As an executive coach it’s profoundly interesting to me how the way we express ourselves either provides venues for improvement or constricts us, by blinding us to existing options. Most of us, when faced with aspects outside our control tend to express ourselves by shifting responsibility to these very aspects. Let me give you a familiar example to illustrate this point.
You’re sitting in a meeting and someone arrives late. The person (let’s call him Jack) enters the room and promptly excuses himself: “Sorry for being late. Traffic was terrible.” (or “My previous meeting ran over and I couldn’t leave.”)
Whose fault is it that Jack arrived late? The traffic, of course.
Whose fault is it NOT? Not Jack’s, of course.
Given such conditions, when will Jack stop being late? When there’s no traffic, of course.
What control does Jack have over the traffic? None whatsoever.
So, whenever we use an excuse like this, we position ourselves as innocent victims of circumstances. What usually blindsides us is that our excuses are usually true. There really was heavy traffic, or the previous meeting really ran over. We usually use such arguments because they exonerate us from the consequences of the occurrence. But there’s a steep price that we pay whenever we use such arguments.
The price we pay for using arguments that exonerate us from guilt is our ability to intervene, to change the outcome of the situation. As Fred Kofman says, “the price we pay for innocence is impotence”. We remain impotent in the face of these external circumstances.
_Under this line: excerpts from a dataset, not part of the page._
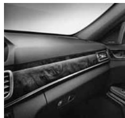
Okrasni elementi - svetlo rjava orehovina (H14)
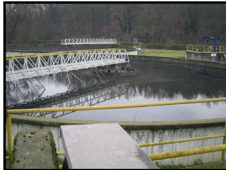
10 Sedimentazione secondaria
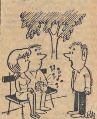
— Czy mogę panią prosić do tańca?
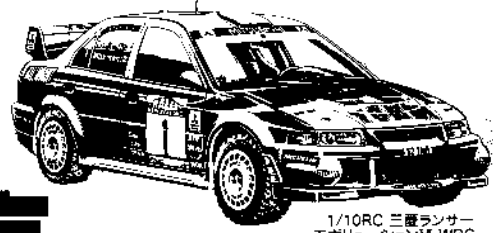
1/10RC 三菱ランサー エボリューションⅥ WRC
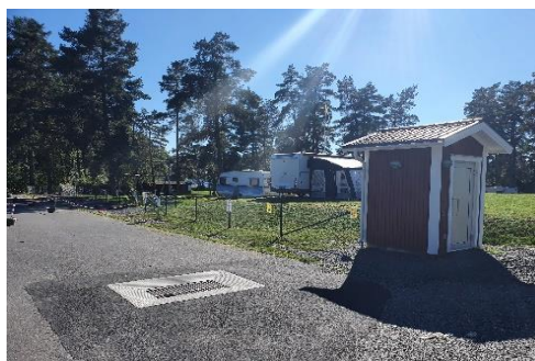
Brygga vid Långasjön i Åker. Resultatet av samarbete mellan Åkers byalag och AME samt latrintömning och nytt staket vid Hjortsjöns camping.
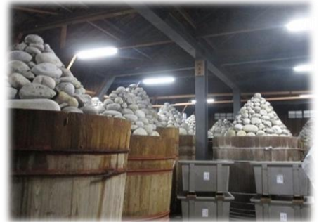
岡崎ではみそ蔵を見学しました
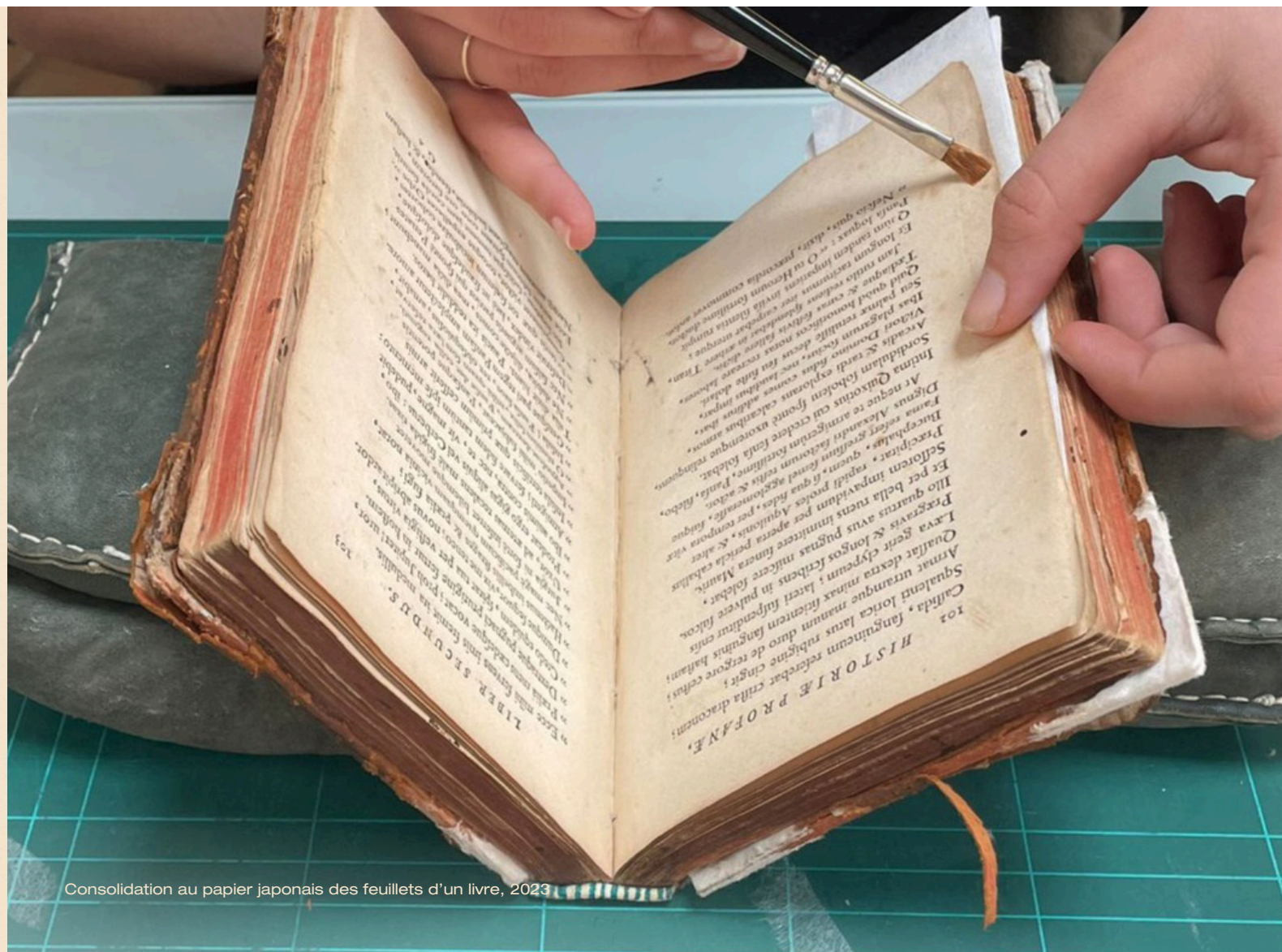
Consolidation au papier japonais des feuillets d'un livre, 2023

Suite à ma formation je souhaiterais ouvrir mon propre atelier de restauration afin de pérenniser le patrimoine écrit ! »
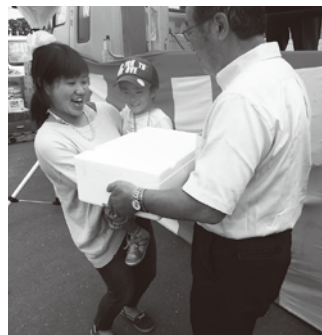
▲小さな男の子がお母さんと一緒にゆうべつ牛の重量を当てました

8月5日、湧別町農協本所駐車場にて「JA ゆうべつ町ふれあいまつり」が今年も開催されました。湧別町農協と一般のお客様とふれあうことで企画されたこのイベントも、「JA ゆうべつ町創業まつり」より名称が変更になってから今年で7回目の開催となりました。
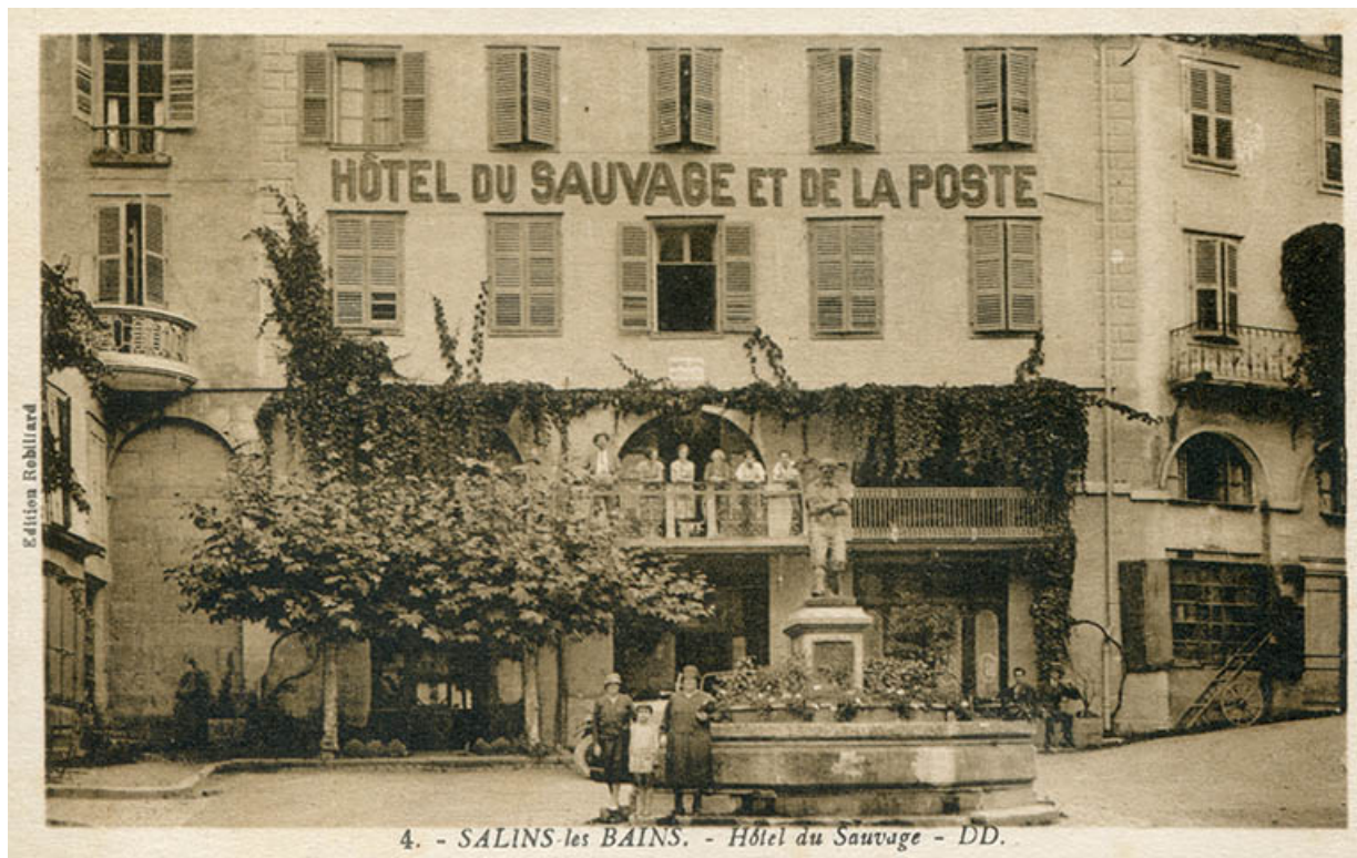
Salins-les-Bains - Hôtel du Sauvage, s.d. [fin 19e ou début 20e siècle].

39, Salins-les-Bains, 5 place du Vigneron
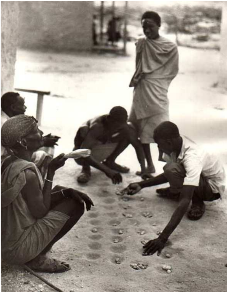
Figura 1 Praticantes da Mancala

In fact, there will always be things that we do not control (like the heavy traffic), but it is within our grasp to decide how we shall respond to these circumstances. We can choose our behavior.
How will you choose to respond to such circumstances? Who will you choose to be? Will you be a victim or will you be an active participant in your personal and professional life?
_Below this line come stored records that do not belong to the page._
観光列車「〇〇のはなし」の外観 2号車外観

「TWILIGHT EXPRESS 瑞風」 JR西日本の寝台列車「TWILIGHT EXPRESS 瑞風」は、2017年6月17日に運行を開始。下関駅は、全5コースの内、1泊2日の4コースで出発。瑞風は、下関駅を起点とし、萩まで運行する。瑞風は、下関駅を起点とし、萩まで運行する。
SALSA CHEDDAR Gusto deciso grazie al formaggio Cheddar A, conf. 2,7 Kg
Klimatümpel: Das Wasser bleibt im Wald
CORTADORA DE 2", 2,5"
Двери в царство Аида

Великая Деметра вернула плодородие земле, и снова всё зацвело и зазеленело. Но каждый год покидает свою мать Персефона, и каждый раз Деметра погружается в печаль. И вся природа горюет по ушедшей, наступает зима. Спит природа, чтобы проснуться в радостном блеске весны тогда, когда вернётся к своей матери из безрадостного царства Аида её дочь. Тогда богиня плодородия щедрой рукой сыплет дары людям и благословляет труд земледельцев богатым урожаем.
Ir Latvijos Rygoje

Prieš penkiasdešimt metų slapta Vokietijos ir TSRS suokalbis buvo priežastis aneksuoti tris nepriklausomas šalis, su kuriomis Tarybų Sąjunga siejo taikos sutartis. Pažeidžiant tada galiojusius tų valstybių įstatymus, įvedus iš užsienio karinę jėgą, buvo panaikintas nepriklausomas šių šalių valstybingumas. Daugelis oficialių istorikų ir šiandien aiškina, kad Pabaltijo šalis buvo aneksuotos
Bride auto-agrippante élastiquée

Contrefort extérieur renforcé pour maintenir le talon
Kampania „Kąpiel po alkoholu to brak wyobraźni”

When we arrive late at a meeting, it’s not really because of the traffic (although there might have been traffic). It’s because we made a choice to sleep in those extra minutes, or because we chose to take route A instead of route B, or because we chose that it was worth it to spend those extra minutes with our kids in the morning. That’s ok! But it is a choice. Owning up to those choices is what makes us alive, responsible and valuable.
So, what might be a better way of expressing ourselves in such situations?
Well, in the above example of arriving late to a meeting, here are some possibilities.
“Sorry for being late! I didn’t account for the heavy traffic.” or “My previous meeting was running late and I decided to spend a few extra minutes in there to make sure we closed the issue.”
What’s so different with these expressions? There is a subject in those sentences. We’re owning the responsibility, and we’re also allowing ourselves to be a part of the solution. Here’s how we become part of the solution.
“My previous meeting was running late and I decided to spend a few extra minutes in there to make sure we closed the issue. So If you can stay a few minutes longer, I’ll be happy to address all your questions. If not, I’ll be available to schedule a follow-up meeting at your convenience”. This doesn’t guarantee that our customer or our coworker will agree to it, but we’ll be responsible for our choices, our actions and for whatever comes out of them – both good and bad.